Cet anniversaire nous offre l’occasion de dresser un premier bilan de l’efficacité de l’action
internationale de lutte contre le changement climatique.
Après 10 ans d’existence, le Protocole de Kyoto a-t-il permis de réduire à un niveau
souhaitable les émissions mondiales de gaz à effet de serre ? A-t-il été, aux côtés de la
Convention Cadre Climat, à la hauteur pour permettre aux pays les plus vulnérables de
s’adapter aux effets néfastes du changement climatique ?
Rien n’est moins sûr. Et ce, alors que les impacts du changement climatique sont de plus en
plus prégnants, comme en témoigne le 4ème rapport du GIEC1 publié cette année.
Toutefois, ce traité a permis de valider, au niveau international, des objectifs chiffrés de
réduction des émissions de gaz à effet de serre. Il a également favorisé une conscience
croissante du phénomène du dérèglement climatique et de ses impacts au sein de la
Communauté internationale ainsi que de la société civile. En témoignent les nombreux
rapports publiés sur le sujet (rapports successifs du GIEC, inventaires nationaux des gaz à
effet de serre, rapport Stern etc.). Aujourd’hui, plus personne ne peut ignorer le problème du
changement climatique. Par ailleurs, pour l’application du Protocole, plusieurs
réglementations ont vu le jour, certes plus ou moins allantes, mais qui témoignent d’un
changement de cap dans la bonne direction.
Le nouveau traité "Kyoto Plus" devra intégrer des réductions beaucoup plus importantes
pour tenir compte des avertissements de plus en plus sérieux de la communauté
scientifique. Il devra réparer les problèmes sérieux posés par les textes présents, qui, sinon,
ne pourront que s'aggraver. Et enfin, plusieurs caractéristiques nouvelles doivent être
intégrées à grande échelle, comme l'adaptation des pays vulnérables, la mise en place d'un
régime élargi du Mécanisme de Développement Propre, des systèmes permettant de
stopper d'urgence la déforestation tropicale, et enfin et surtout d'intégrer les grands pays en
croissance forte dans une trajectoire d'émissions compatible avec la protection du climat. Il
ne s'agit donc pas de revenir sur les acquis souvent complexes obtenus dans le cycle de
négociation allant de Kyoto à Montréal, ou même de remettre en cause les grands principes
énoncés dans la Convention sur les Changements Climatiques signée à Rio. Mais l’heure
est venue de passer à la vitesse supérieure. La négociation d’une deuxième période
d’application du Protocole de Kyoto, qui devra débuter en 2012, nous en offre l’occasion.

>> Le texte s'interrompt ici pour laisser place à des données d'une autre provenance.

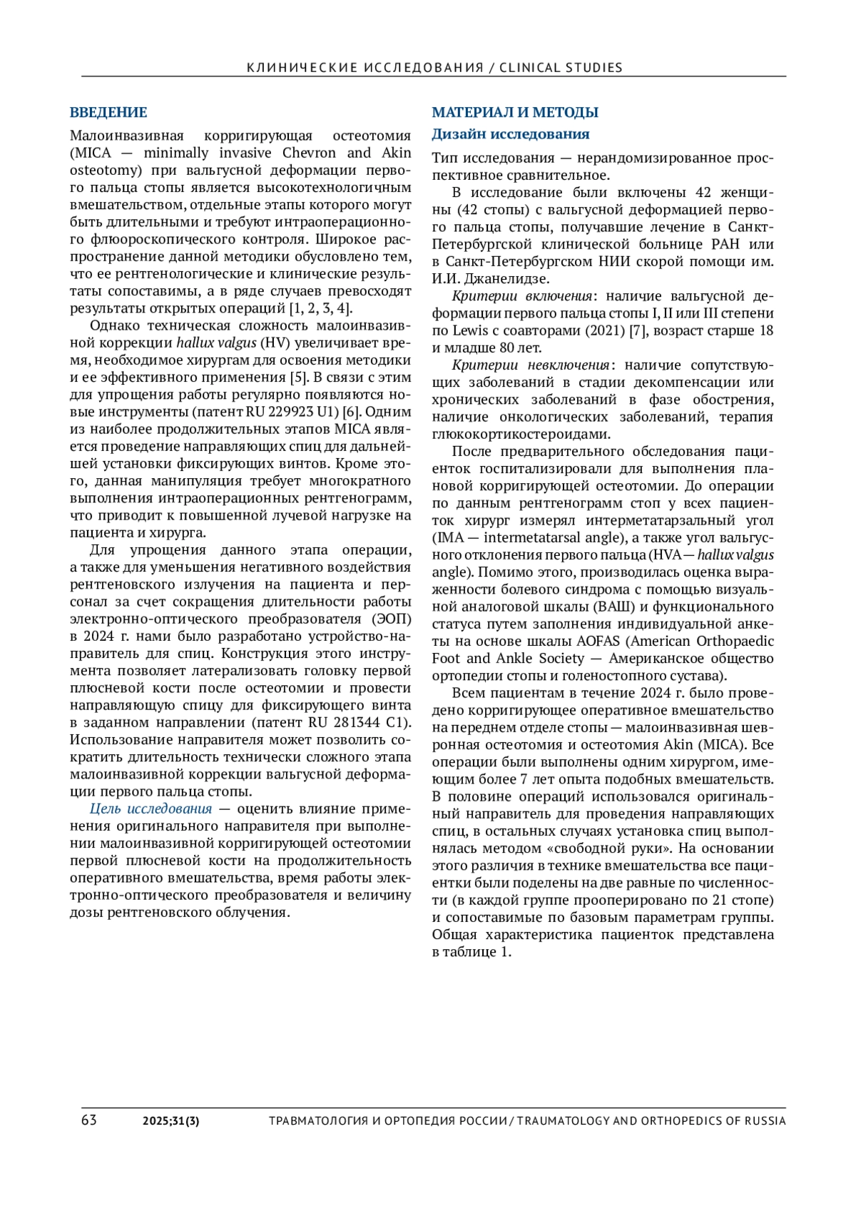 Материал и методы. В исследовании приняли участие 42 пациента с hallux valgus, разделенные на две группы. Все пациенты были прооперированы с использованием малоинвазивной хирургической техники. В группу «Направитель» вошел 21 пациент (21 стопа), которым была выполнена остеотомия с применением оригинального направителя. Пациентам группы «Свободная рука» (21 пациент, 21 стопа) остеотомия выполнялась без использования направителя. После завершения операции регистрировали ее длительность, а также дозу рентгеновского излучения, измеренную с помощью датчиков электронно-оптического преобразователя.

L’urgence de la situation fait que le climat et les populations les plus pauvres qui subissent
de plein fouet les impacts de son dérèglement ne peuvent plus se contenter d’une politique
des petits pas.
Le RAC-F et ses associations membres souhaitent ainsi revenir sur l’adoption de la
Convention Cadre sur les changements climatiques et de son Protocole, qui représente à
l’heure actuelle l’unique cadre international de lutte contre le changement climatique.
Dans un second temps, il dressera le bilan des 10 premières années d’existence du
Protocole de Kyoto.
Enfin, il proposera un certain nombre d’améliorations qui s’imposent pour le futur régime
« post-2012 ».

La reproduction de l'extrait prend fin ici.